From the Blogside

Mike of the blog Mmmm has, for the past month or so, posting about Star Wars and reviewing the saga. Going chronologically, he rolls through The Phantom Menace, Attack of the Clones, Clone Wars, Revenge of the Sith, A New Hope, the Holiday Special, The Empire Strikes Back and Return of the Jedi.

I’ll give the guy credit – he takes a mostly even-handed approach to the saga (even the Holiday Special – we all know it’s exactly that wretched, though he pans the Ewoks more than I think is necessary.) But, overall – a good read.

Star Wars in the news

Bryan Young defends the prequel trilogy at perhaps one of the last places one would expect such a thing – The Huffington Post. If he was at CIV, I think I may have asked him (or his son) a trivia question or two…

Also, among the things we missed due to C4, Empire’s special Star Wars section, including a marathon interview with George Lucas, Mark Hamill and Carrie Fisher. Whoops.

Fandom

Events

Gaming

Misc


Filk Friday

This week’s featured filk takes us back to the excitement leading up to the release of Episode I. Jeff Suess’ Bare Naked Ladies parody takes us One Week before the release of the movie, and the hype and celebration lives on. You can find more of Jeff’s work here.

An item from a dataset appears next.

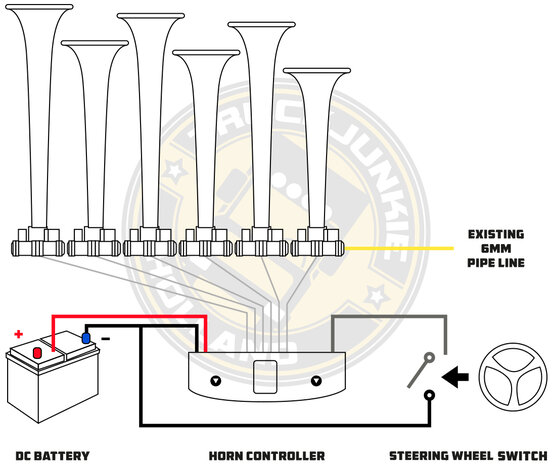 - Ensure a 5A fused power source and an air supply on the vehicle (not included).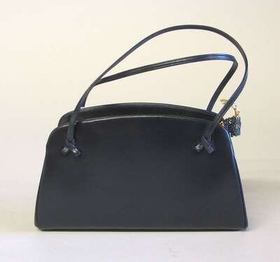 Small structured trapezoidal shape with two thin handles and a jeweled "rams-head" latch at one end.

And continuing with news on Weird Al’s recently released album, the quick favorite outside of the first single “White and Nerdy” is apparently his Green Day parody called “Canadian Idiot.” Fans have already started on the homemade videos, like this remix of the Robot Chicken Voltron dance off.

That’s the blogosphere for you

A student taking a course in cyberspace law learns how Lucasfilm bought out one domain…

The Wookiee costume is a bit much – is a lame domain like PhantomMenaceNews.com worth a Wookiee costume? I don’t think so.

Also, the domain in question seems to be not owned by Lucasfilm at the moment. (Going to the actual site will get you ads and popups. Nothing NSFW, just annoying.) And this list of websites from Echo Station (not updated since August 1999, as good a time capsule as I could find) lists that the site had no DNS (translation: not pointing anywhere) at the time. The Wayback Machine is more of the same.

The law firm does exist. But the story as a whole I’m giving a hearty ‘maybe.’